How to run tests locally:

# Install all dependencies (including docs for notebook testing)
uv sync --all-groups

# Install Jupyter kernel for notebook execution (one-time setup)
uv run python -m ipykernel install --user --name python3

# Run all tests (including notebook validation)
uv run pytest tests/

Why the kernel installation? The test suite includes validation of Jupyter notebooks (tutorials and database summaries) to ensure they execute without errors. This requires a Jupyter kernel registered with the name “python3” to match the notebooks’ configuration. The installation is a one-time setup per environment.

How to test the CI pipelines Ensure you have Docker and act installed, then run:

# Run the workflow
act workflow_dispatch -W .github/workflows/ci_ingestion.yml

Graph visualization using Neo4j on Docker#

This repo also contains a docker compose workflow to create the example database using BioCypher and load it into a Dockerized Neo4j instance automatically. To run it, execute

docker compose up -d --build

in the root directory of the project. The example instance consists of the TCR3d database only as it is small enough to visualize, for other database compositions, just edit the create_knowledge_graph_docker.py script to your needs. This will start up a single (detached) docker container with a Neo4j instance that contains the knowledge graph built by BioCypher as the DB docker, which you can connect to and browse at localhost:7474. Authentication is set to neo4j/neo4jpassword by default and can be modified in the docker_variables.env file.
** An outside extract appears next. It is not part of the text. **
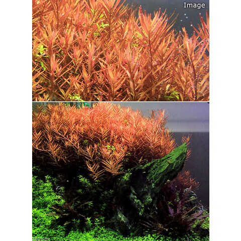 | ロタラ ロトンディフォリア ベトナム H’ra | ロトンディフォリアの一種で、大変美しい赤系ロタラです。 高光量、CO2添加という環境下ではさらに色合いが増し、環境によりオレンジ~黄色のグラデーションから真紅の色合いまで赤みが変化します。 赤みの度合いは光量に強く影響を受けるため、高光量下に植栽することでより美しい姿を楽しめます。 植栽や差し戻し直後はグリーンロタラの様に横へ匍匐し、その後一斉に上へと葉を展開します。育成は容易で簡単に密度の高い茂みや後景を作れるためレイアウト等に大変使用し易いです。 ピンチカットなどのトリミングにも強く成長初期は背も低く密生するため、トリミング次第では中景としても美しい姿を楽しめます。 簡単に赤系の水草を育ててみたいと言う人にもお勧めです。 美しく強烈な色合いを簡単に見ることのできる他には中々無い種の水草です。 グリーンロタラ等の緑系水草と一緒に植えることでもレイアウトによく映えます。 |

Open http://localhost:7474 to access the Neo4j database. You can now run queries against the database. To get a visual representation of the TCR3d knowledge graph constructed by IggyTop, run the following Cypher query:

MATCH (n) return n

The biocypher_docker_config.yaml file is used instead of the biocypher_config.yaml. Everything else is the same as in the local setup. The first container installs and runs the BioCypher pipeline, and the second container installs and runs Neo4j. The files created by BioCypher in the first container are copied and automatically imported into the DB in the second container.

Contributing#

Contributions are welcome! Please feel free to submit a Pull Request or create an Issue if you discover any problems.

License#

This project is licensed under the MIT License - see the LICENSE file for details.

Citation#

If you use IggyTop in your research, please cite it using the following DOI:

DOI

You can find the full citation details on the Zenodo page.

We also provide a CITATION.cff file for customized citations.